GOAL OF THE EXERCISE => A precise copy of the data is required, with every picture left out.

DATA SEGMENT =>
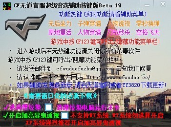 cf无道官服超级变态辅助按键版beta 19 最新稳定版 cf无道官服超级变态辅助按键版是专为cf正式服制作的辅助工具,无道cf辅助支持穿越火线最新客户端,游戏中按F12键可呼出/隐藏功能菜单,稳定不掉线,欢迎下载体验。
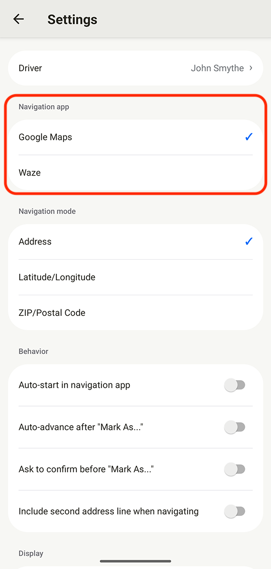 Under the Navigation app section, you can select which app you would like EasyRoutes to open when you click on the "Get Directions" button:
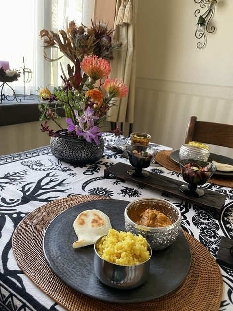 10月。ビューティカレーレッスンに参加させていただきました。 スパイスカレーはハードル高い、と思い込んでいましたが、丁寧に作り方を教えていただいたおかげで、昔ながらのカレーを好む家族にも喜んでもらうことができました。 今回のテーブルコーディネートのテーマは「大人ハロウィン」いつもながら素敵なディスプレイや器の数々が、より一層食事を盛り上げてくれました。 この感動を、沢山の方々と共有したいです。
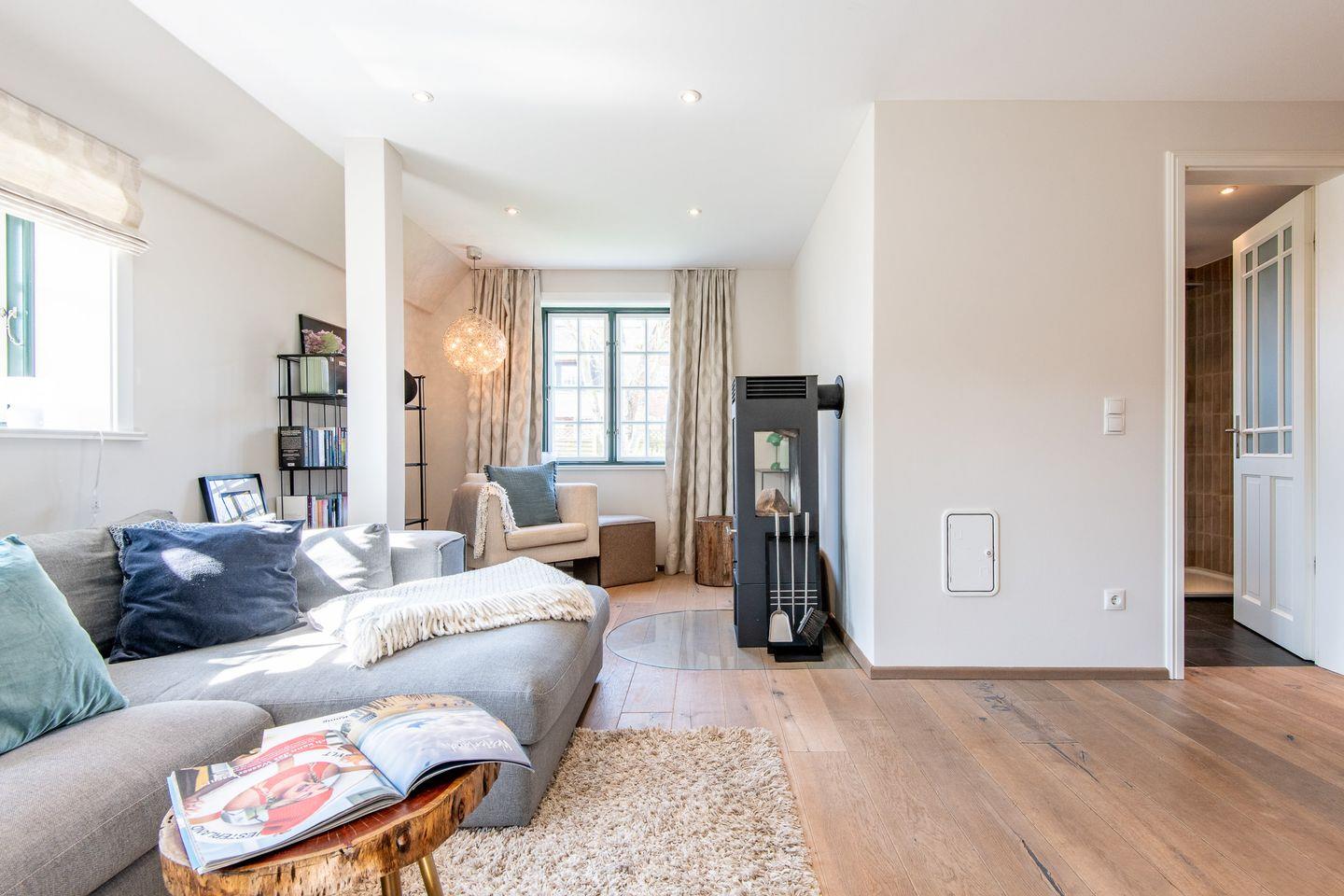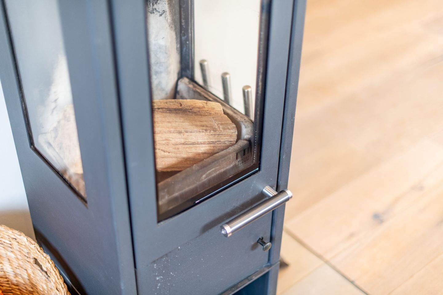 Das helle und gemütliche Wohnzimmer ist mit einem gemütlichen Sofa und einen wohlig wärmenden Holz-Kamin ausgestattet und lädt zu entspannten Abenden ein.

ANSWER TO THIS PROBLEM =>
 cf无道官服超级变态辅助按键版beta 19 最新稳定版 cf无道官服超级变态辅助按键版是专为cf正式服制作的辅助工具,无道cf辅助支持穿越火线最新客户端,游戏中按F12键可呼出/隐藏功能菜单,稳定不掉线,欢迎下载体验。
 Under the Navigation app section, you can select which app you would like EasyRoutes to open when you click on the "Get Directions" button:
 10月。ビューティカレーレッスンに参加させていただきました。 スパイスカレーはハードル高い、と思い込んでいましたが、丁寧に作り方を教えていただいたおかげで、昔ながらのカレーを好む家族にも喜んでもらうことができました。 今回のテーブルコーディネートのテーマは「大人ハロウィン」いつもながら素敵なディスプレイや器の数々が、より一層食事を盛り上げてくれました。 この感動を、沢山の方々と共有したいです。
 Das helle und gemütliche Wohnzimmer ist mit einem gemütlichen Sofa und einen wohlig wärmenden Holz-Kamin ausgestattet und lädt zu entspannten Abenden ein.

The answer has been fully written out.